BEGIN EXTRACTED MATERIAL

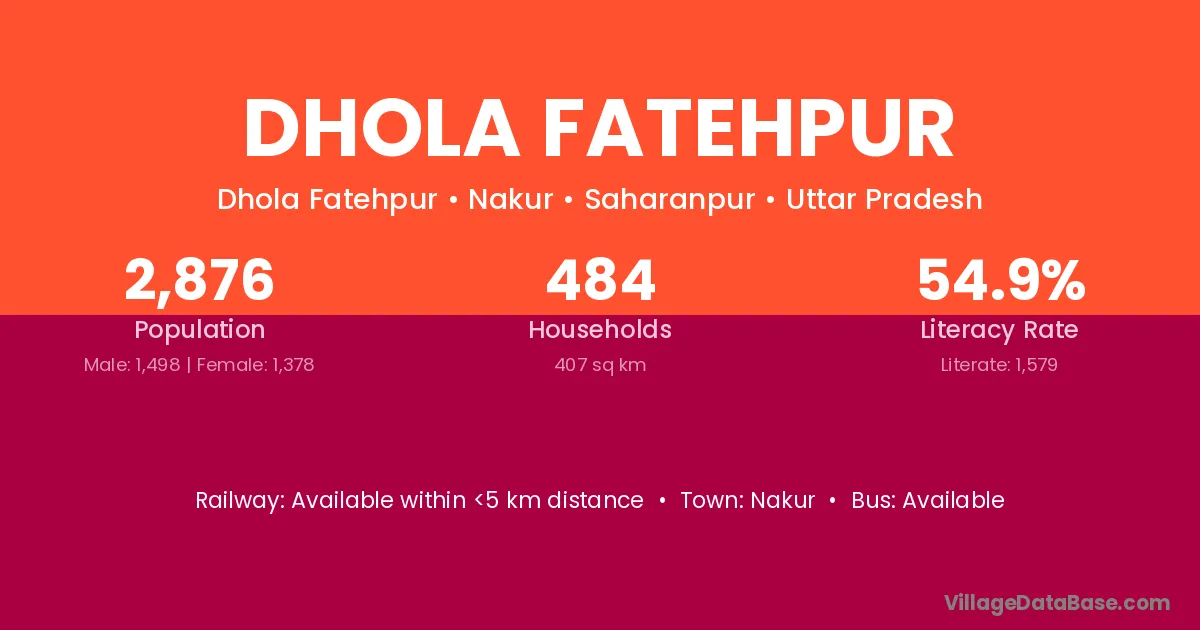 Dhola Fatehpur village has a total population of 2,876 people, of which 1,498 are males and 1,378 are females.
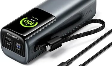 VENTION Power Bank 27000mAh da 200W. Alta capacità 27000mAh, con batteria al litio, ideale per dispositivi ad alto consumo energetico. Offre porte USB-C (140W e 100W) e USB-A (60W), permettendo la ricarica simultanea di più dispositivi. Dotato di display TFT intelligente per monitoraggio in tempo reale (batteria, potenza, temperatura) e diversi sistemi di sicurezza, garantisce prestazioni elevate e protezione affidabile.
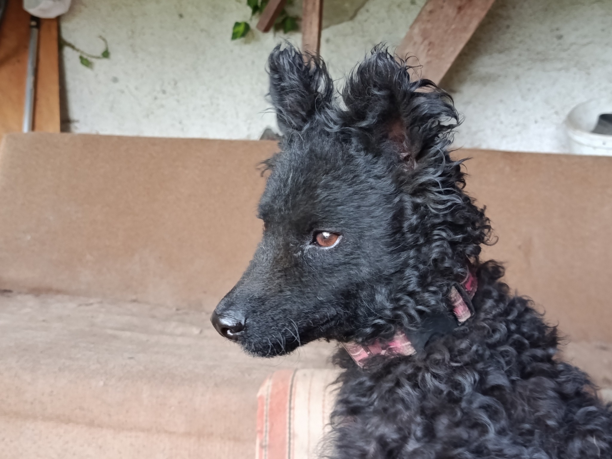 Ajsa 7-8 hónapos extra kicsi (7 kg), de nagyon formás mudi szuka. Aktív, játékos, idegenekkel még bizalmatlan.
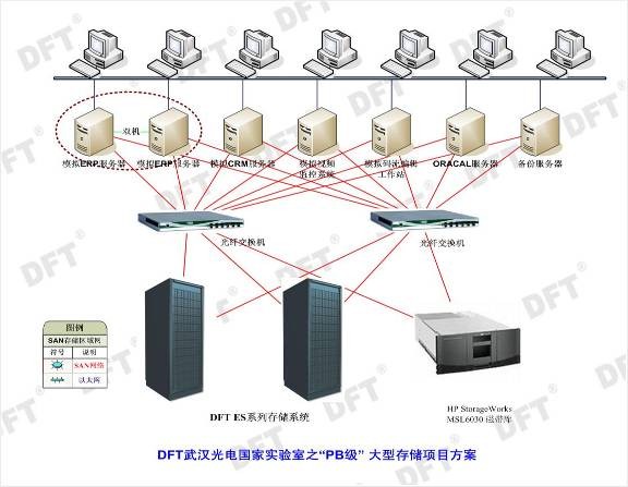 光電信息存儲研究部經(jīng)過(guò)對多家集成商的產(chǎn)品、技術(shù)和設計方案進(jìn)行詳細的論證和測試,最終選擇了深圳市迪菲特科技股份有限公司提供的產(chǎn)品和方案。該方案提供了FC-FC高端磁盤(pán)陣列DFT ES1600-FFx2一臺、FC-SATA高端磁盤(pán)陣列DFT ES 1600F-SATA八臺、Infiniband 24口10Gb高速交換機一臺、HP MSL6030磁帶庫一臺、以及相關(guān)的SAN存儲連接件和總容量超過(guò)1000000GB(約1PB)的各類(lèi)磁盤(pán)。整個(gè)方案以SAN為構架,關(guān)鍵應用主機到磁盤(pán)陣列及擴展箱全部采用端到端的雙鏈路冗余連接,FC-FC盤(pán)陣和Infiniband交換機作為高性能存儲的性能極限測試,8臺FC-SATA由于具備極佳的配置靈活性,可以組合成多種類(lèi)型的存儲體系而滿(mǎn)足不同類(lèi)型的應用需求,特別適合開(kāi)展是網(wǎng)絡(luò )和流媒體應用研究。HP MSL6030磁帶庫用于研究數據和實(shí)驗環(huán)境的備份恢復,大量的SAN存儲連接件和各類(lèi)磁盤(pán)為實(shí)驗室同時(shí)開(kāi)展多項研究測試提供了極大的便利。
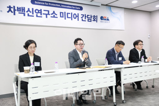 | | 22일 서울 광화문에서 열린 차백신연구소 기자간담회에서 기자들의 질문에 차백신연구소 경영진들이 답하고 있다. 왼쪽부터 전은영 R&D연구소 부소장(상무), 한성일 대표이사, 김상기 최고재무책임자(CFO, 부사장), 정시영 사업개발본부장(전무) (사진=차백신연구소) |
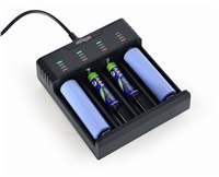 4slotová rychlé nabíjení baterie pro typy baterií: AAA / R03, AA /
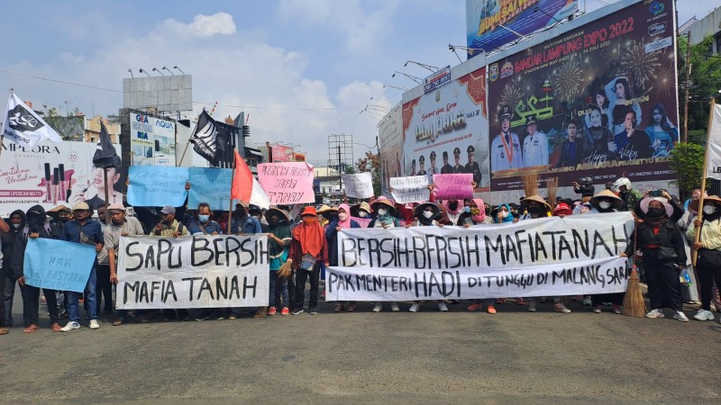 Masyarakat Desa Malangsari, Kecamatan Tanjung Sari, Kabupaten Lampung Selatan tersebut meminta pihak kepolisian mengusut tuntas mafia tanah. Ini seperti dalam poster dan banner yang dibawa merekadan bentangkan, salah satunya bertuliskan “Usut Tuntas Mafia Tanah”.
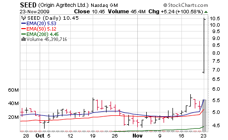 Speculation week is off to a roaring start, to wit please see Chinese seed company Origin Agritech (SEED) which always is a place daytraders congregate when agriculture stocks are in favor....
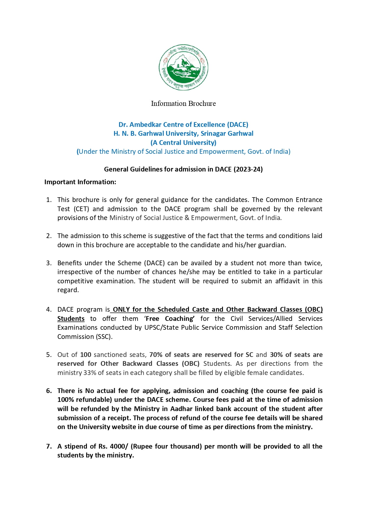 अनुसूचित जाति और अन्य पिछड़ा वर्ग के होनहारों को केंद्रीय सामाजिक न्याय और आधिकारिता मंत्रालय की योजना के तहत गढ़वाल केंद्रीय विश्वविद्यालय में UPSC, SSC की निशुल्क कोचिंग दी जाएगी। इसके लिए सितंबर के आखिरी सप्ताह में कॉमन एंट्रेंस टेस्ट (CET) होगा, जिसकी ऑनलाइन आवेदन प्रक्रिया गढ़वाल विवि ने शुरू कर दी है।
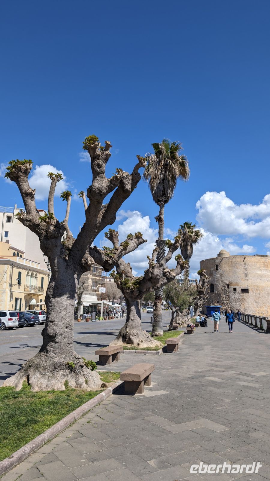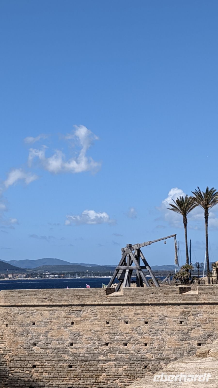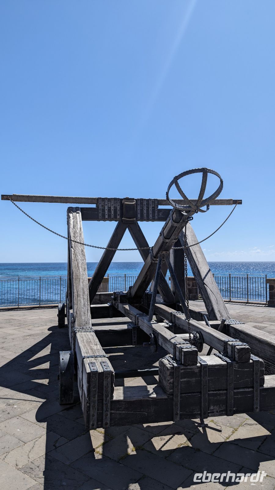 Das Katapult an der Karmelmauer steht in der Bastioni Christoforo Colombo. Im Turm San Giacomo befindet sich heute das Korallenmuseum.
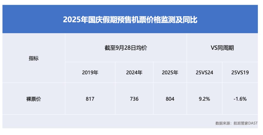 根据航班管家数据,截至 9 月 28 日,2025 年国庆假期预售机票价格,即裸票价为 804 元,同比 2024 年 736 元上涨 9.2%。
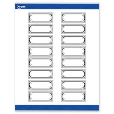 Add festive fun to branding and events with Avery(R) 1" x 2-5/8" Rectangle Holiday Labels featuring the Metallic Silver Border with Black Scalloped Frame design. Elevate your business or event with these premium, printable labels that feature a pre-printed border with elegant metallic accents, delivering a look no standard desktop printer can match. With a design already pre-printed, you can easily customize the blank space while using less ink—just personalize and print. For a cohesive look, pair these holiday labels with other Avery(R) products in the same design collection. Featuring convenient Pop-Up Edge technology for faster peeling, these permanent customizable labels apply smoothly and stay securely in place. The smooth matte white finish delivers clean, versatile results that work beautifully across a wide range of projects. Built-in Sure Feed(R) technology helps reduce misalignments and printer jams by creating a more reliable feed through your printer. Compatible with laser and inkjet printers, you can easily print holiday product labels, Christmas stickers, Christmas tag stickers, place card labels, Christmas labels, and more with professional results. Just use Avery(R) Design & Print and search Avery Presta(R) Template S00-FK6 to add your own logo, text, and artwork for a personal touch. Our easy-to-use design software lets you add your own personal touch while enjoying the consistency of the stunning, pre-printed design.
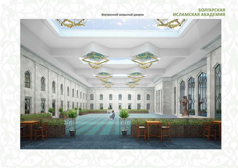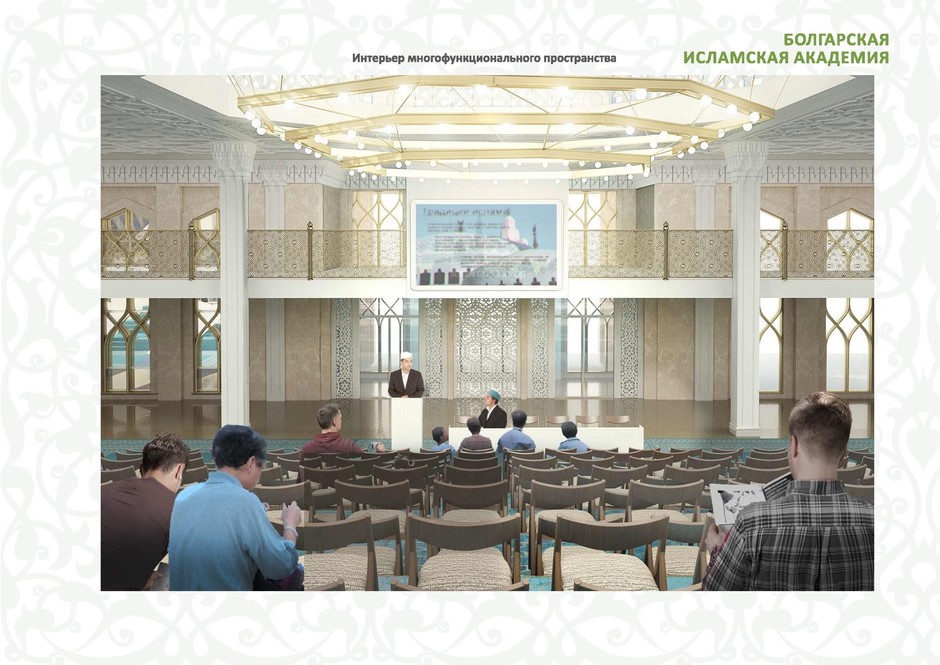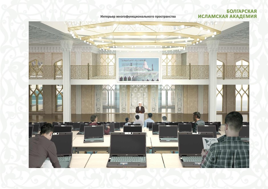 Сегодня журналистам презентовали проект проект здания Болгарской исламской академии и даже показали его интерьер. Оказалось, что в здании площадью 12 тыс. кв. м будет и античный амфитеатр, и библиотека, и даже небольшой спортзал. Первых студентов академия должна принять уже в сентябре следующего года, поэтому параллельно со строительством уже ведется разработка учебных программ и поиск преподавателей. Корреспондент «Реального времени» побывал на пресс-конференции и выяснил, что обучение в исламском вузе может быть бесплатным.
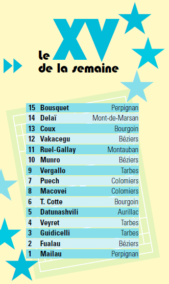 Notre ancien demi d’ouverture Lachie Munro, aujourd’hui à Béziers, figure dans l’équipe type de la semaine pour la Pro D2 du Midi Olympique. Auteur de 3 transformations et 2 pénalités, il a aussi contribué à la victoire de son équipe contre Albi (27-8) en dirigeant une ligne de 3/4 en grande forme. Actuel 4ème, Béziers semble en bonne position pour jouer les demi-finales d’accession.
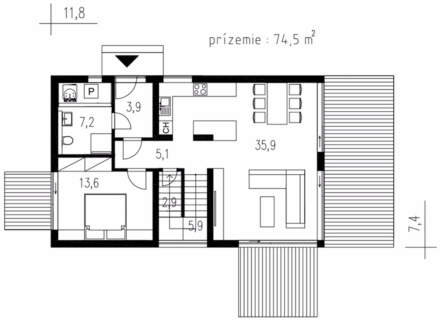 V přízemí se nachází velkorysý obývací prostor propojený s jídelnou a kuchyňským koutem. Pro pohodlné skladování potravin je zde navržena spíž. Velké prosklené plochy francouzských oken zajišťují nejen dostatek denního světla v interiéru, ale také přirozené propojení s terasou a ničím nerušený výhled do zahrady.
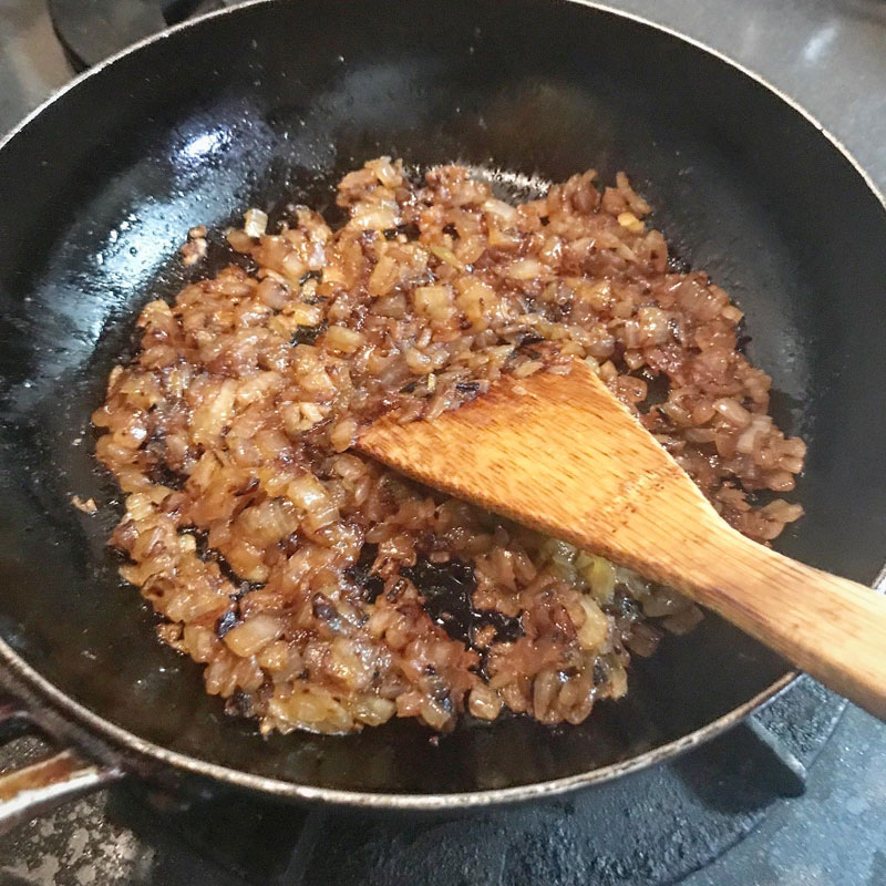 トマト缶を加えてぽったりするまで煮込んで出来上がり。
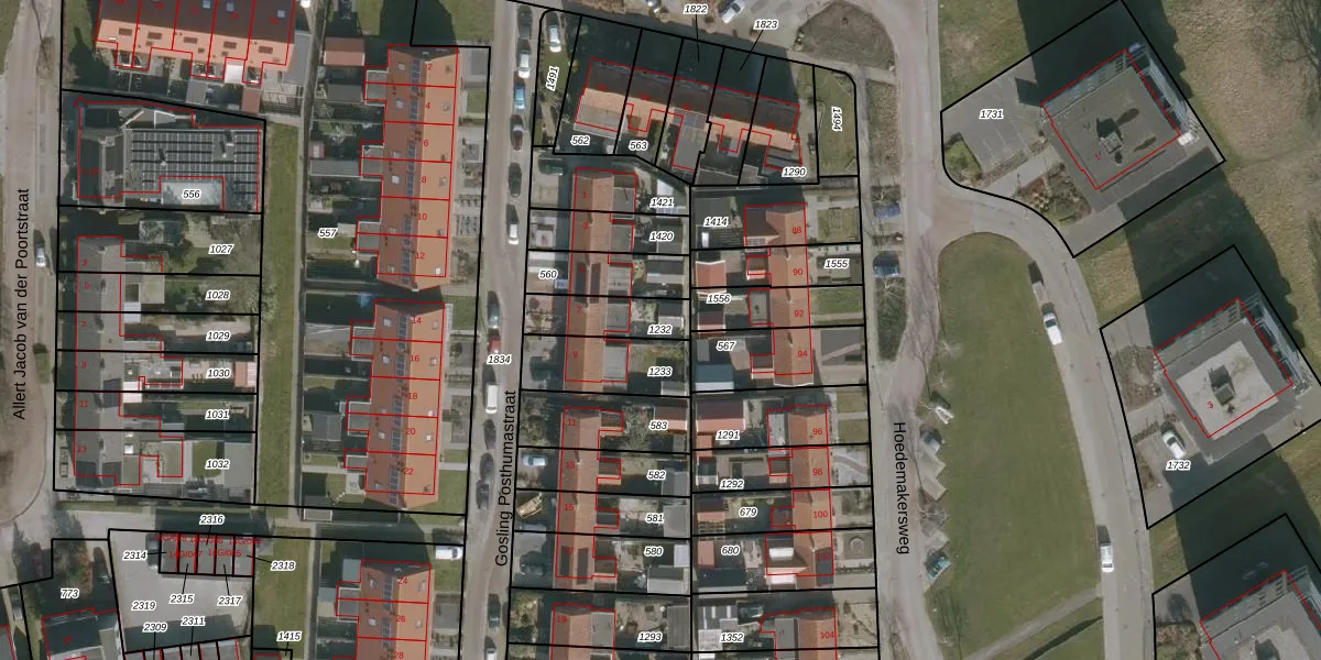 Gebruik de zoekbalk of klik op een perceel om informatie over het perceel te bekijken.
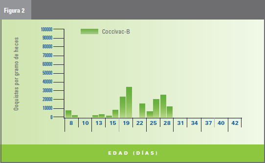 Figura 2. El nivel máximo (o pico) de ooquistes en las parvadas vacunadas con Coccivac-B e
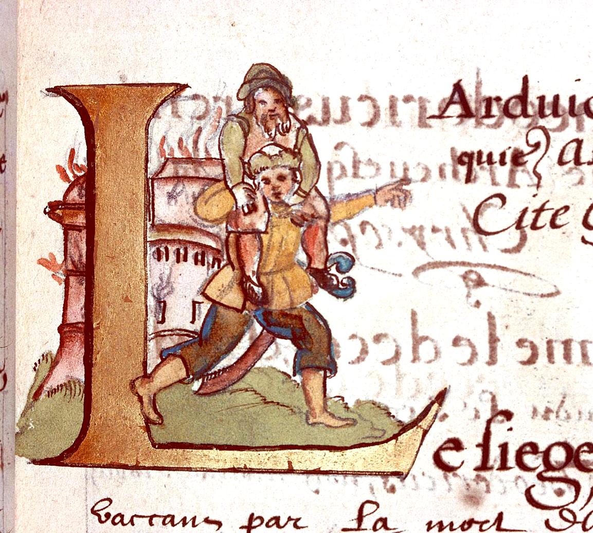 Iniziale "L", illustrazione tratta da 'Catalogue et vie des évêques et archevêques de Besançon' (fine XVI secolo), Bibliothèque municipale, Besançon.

END EXTRACTED MATERIAL

_WHAT YOU NEED TO DO_. An exact copy of every record above is needed, with all pictures left out.

_WRITTEN ANSWER_.
 Dhola Fatehpur village has a total population of 2,876 people, of which 1,498 are males and 1,378 are females.
 VENTION Power Bank 27000mAh da 200W. Alta capacità 27000mAh, con batteria al litio, ideale per dispositivi ad alto consumo energetico. Offre porte USB-C (140W e 100W) e USB-A (60W), permettendo la ricarica simultanea di più dispositivi. Dotato di display TFT intelligente per monitoraggio in tempo reale (batteria, potenza, temperatura) e diversi sistemi di sicurezza, garantisce prestazioni elevate e protezione affidabile.
 Ajsa 7-8 hónapos extra kicsi (7 kg), de nagyon formás mudi szuka. Aktív, játékos, idegenekkel még bizalmatlan.
 光電信息存儲研究部經(jīng)過(guò)對多家集成商的產(chǎn)品、技術(shù)和設計方案進(jìn)行詳細的論證和測試,最終選擇了深圳市迪菲特科技股份有限公司提供的產(chǎn)品和方案。該方案提供了FC-FC高端磁盤(pán)陣列DFT ES1600-FFx2一臺、FC-SATA高端磁盤(pán)陣列DFT ES 1600F-SATA八臺、Infiniband 24口10Gb高速交換機一臺、HP MSL6030磁帶庫一臺、以及相關(guān)的SAN存儲連接件和總容量超過(guò)1000000GB(約1PB)的各類(lèi)磁盤(pán)。整個(gè)方案以SAN為構架,關(guān)鍵應用主機到磁盤(pán)陣列及擴展箱全部采用端到端的雙鏈路冗余連接,FC-FC盤(pán)陣和Infiniband交換機作為高性能存儲的性能極限測試,8臺FC-SATA由于具備極佳的配置靈活性,可以組合成多種類(lèi)型的存儲體系而滿(mǎn)足不同類(lèi)型的應用需求,特別適合開(kāi)展是網(wǎng)絡(luò )和流媒體應用研究。HP MSL6030磁帶庫用于研究數據和實(shí)驗環(huán)境的備份恢復,大量的SAN存儲連接件和各類(lèi)磁盤(pán)為實(shí)驗室同時(shí)開(kāi)展多項研究測試提供了極大的便利。
 | | 22일 서울 광화문에서 열린 차백신연구소 기자간담회에서 기자들의 질문에 차백신연구소 경영진들이 답하고 있다. 왼쪽부터 전은영 R&D연구소 부소장(상무), 한성일 대표이사, 김상기 최고재무책임자(CFO, 부사장), 정시영 사업개발본부장(전무) (사진=차백신연구소) |
 4slotová rychlé nabíjení baterie pro typy baterií: AAA / R03, AA /
 Masyarakat Desa Malangsari, Kecamatan Tanjung Sari, Kabupaten Lampung Selatan tersebut meminta pihak kepolisian mengusut tuntas mafia tanah. Ini seperti dalam poster dan banner yang dibawa merekadan bentangkan, salah satunya bertuliskan “Usut Tuntas Mafia Tanah”.
 Speculation week is off to a roaring start, to wit please see Chinese seed company Origin Agritech (SEED) which always is a place daytraders congregate when agriculture stocks are in favor....
 अनुसूचित जाति और अन्य पिछड़ा वर्ग के होनहारों को केंद्रीय सामाजिक न्याय और आधिकारिता मंत्रालय की योजना के तहत गढ़वाल केंद्रीय विश्वविद्यालय में UPSC, SSC की निशुल्क कोचिंग दी जाएगी। इसके लिए सितंबर के आखिरी सप्ताह में कॉमन एंट्रेंस टेस्ट (CET) होगा, जिसकी ऑनलाइन आवेदन प्रक्रिया गढ़वाल विवि ने शुरू कर दी है।
 Das Katapult an der Karmelmauer steht in der Bastioni Christoforo Colombo. Im Turm San Giacomo befindet sich heute das Korallenmuseum.
 根据航班管家数据,截至 9 月 28 日,2025 年国庆假期预售机票价格,即裸票价为 804 元,同比 2024 年 736 元上涨 9.2%。
 Add festive fun to branding and events with Avery(R) 1" x 2-5/8" Rectangle Holiday Labels featuring the Metallic Silver Border with Black Scalloped Frame design. Elevate your business or event with these premium, printable labels that feature a pre-printed border with elegant metallic accents, delivering a look no standard desktop printer can match. With a design already pre-printed, you can easily customize the blank space while using less ink—just personalize and print. For a cohesive look, pair these holiday labels with other Avery(R) products in the same design collection. Featuring convenient Pop-Up Edge technology for faster peeling, these permanent customizable labels apply smoothly and stay securely in place. The smooth matte white finish delivers clean, versatile results that work beautifully across a wide range of projects. Built-in Sure Feed(R) technology helps reduce misalignments and printer jams by creating a more reliable feed through your printer. Compatible with laser and inkjet printers, you can easily print holiday product labels, Christmas stickers, Christmas tag stickers, place card labels, Christmas labels, and more with professional results. Just use Avery(R) Design & Print and search Avery Presta(R) Template S00-FK6 to add your own logo, text, and artwork for a personal touch. Our easy-to-use design software lets you add your own personal touch while enjoying the consistency of the stunning, pre-printed design.
 Сегодня журналистам презентовали проект проект здания Болгарской исламской академии и даже показали его интерьер. Оказалось, что в здании площадью 12 тыс. кв. м будет и античный амфитеатр, и библиотека, и даже небольшой спортзал. Первых студентов академия должна принять уже в сентябре следующего года, поэтому параллельно со строительством уже ведется разработка учебных программ и поиск преподавателей. Корреспондент «Реального времени» побывал на пресс-конференции и выяснил, что обучение в исламском вузе может быть бесплатным.
 Notre ancien demi d’ouverture Lachie Munro, aujourd’hui à Béziers, figure dans l’équipe type de la semaine pour la Pro D2 du Midi Olympique. Auteur de 3 transformations et 2 pénalités, il a aussi contribué à la victoire de son équipe contre Albi (27-8) en dirigeant une ligne de 3/4 en grande forme. Actuel 4ème, Béziers semble en bonne position pour jouer les demi-finales d’accession.
 V přízemí se nachází velkorysý obývací prostor propojený s jídelnou a kuchyňským koutem. Pro pohodlné skladování potravin je zde navržena spíž. Velké prosklené plochy francouzských oken zajišťují nejen dostatek denního světla v interiéru, ale také přirozené propojení s terasou a ničím nerušený výhled do zahrady.
 トマト缶を加えてぽったりするまで煮込んで出来上がり。
 Gebruik de zoekbalk of klik op een perceel om informatie over het perceel te bekijken.
 Figura 2. El nivel máximo (o pico) de ooquistes en las parvadas vacunadas con Coccivac-B e
 Iniziale "L", illustrazione tratta da 'Catalogue et vie des évêques et archevêques de Besançon' (fine XVI secolo), Bibliothèque municipale, Besançon.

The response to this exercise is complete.